__Description of the task__. Retype only what runs from the beginning of the data through the line with "- Une salle"; please omit the pictures and keep every line exact.

__Data records__.
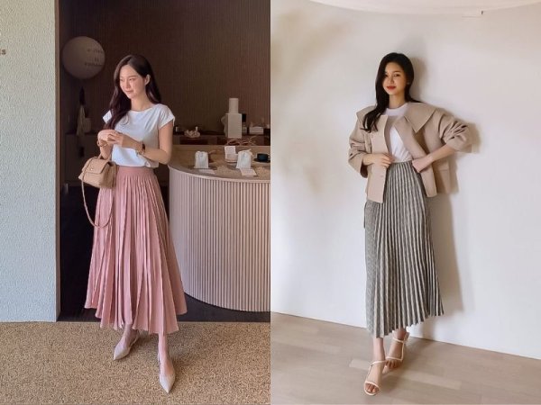 5+ cách phối đồ với chân váy xếp ly dài mùa hè năng động
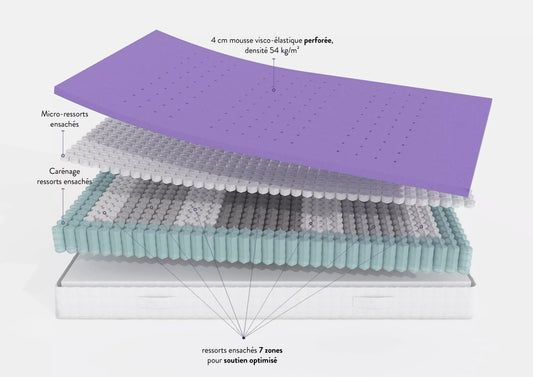 Explorez notre gamme de matelas deux places, spécialement conçus pour les couples et ceux qui recherchent un espace de sommeil plus généreux. Disponibles en plusieurs tailles et niveaux de confort (souple, équilibré, ferme), nos matelas deux places allient technologies innovantes et matériaux nobles pour un sommeil de qualité. Les ressorts ensachés offrent une indépendance de couchage idéale, tandis que la mousse viscoélastique perforée assure une aération optimale pour des nuits fraîches et confortables. Fabriqués en Europe avec des matériaux durables et respectueux de l’environnement, nos matelas deux places sont l'incarnation du savoir-faire Bellesource. Trouvez le matelas parfait pour des nuits sereines, à deux ou en solo.
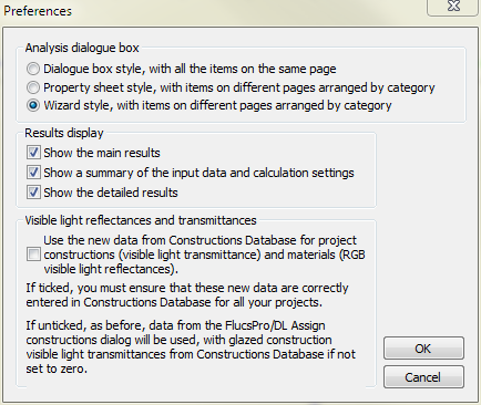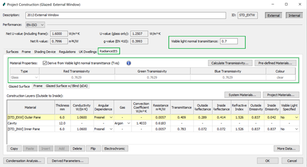 When this option is ticked then the assigned properties in the Flucs interface are ignored and instead the Reflectance and Transmittance values on the Constructions assigned to the model are used in the calculation. These are specified via Constructions Database on the RadianceIES tabs for internal and external surfaces
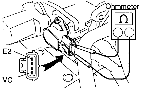 (b) Using an ohmmeter, measure the resistance between terminals VC and E2.
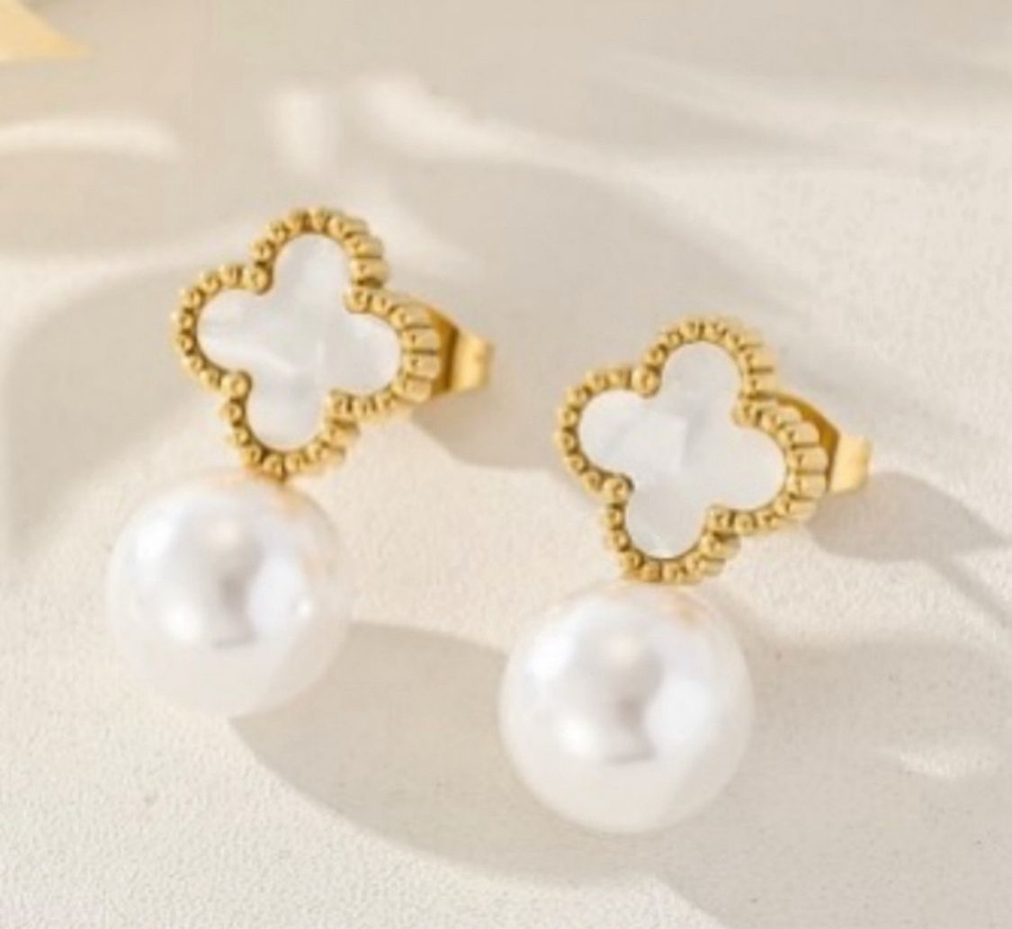 Caravanas de acero bañadas en oro 18 con perlas de rio y trébol de nácar
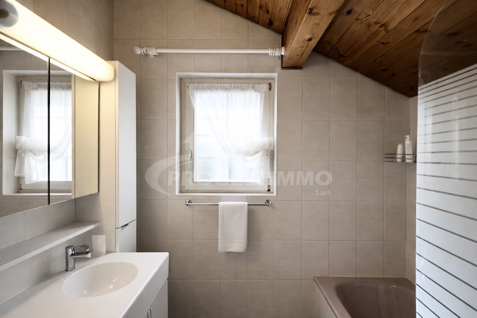 - Une salle d'eau équipée de baignoire, double vasque et fenêtre
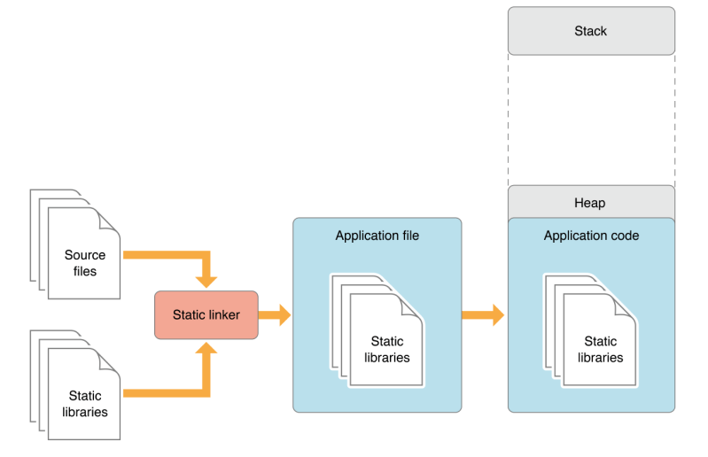 Most of an app’s functionality is implemented in libraries of executable code. When an app is linked with a library using a static linker, the code that the app uses is copied to the generated executable file. A static linker collects compiled source code, known as object code, and library code into one executable file that is loaded into memory in its entirety at runtime. The kind of library that becomes part of an app’s executable file is known as a static library. Static libraries are collections or archives of object files.

__Your response__.
 5+ cách phối đồ với chân váy xếp ly dài mùa hè năng động
 Explorez notre gamme de matelas deux places, spécialement conçus pour les couples et ceux qui recherchent un espace de sommeil plus généreux. Disponibles en plusieurs tailles et niveaux de confort (souple, équilibré, ferme), nos matelas deux places allient technologies innovantes et matériaux nobles pour un sommeil de qualité. Les ressorts ensachés offrent une indépendance de couchage idéale, tandis que la mousse viscoélastique perforée assure une aération optimale pour des nuits fraîches et confortables. Fabriqués en Europe avec des matériaux durables et respectueux de l’environnement, nos matelas deux places sont l'incarnation du savoir-faire Bellesource. Trouvez le matelas parfait pour des nuits sereines, à deux ou en solo.
 When this option is ticked then the assigned properties in the Flucs interface are ignored and instead the Reflectance and Transmittance values on the Constructions assigned to the model are used in the calculation. These are specified via Constructions Database on the RadianceIES tabs for internal and external surfaces
 (b) Using an ohmmeter, measure the resistance between terminals VC and E2.
 Caravanas de acero bañadas en oro 18 con perlas de rio y trébol de nácar
 - Une salle d'eau équipée de baignoire, double vasque et fenêtre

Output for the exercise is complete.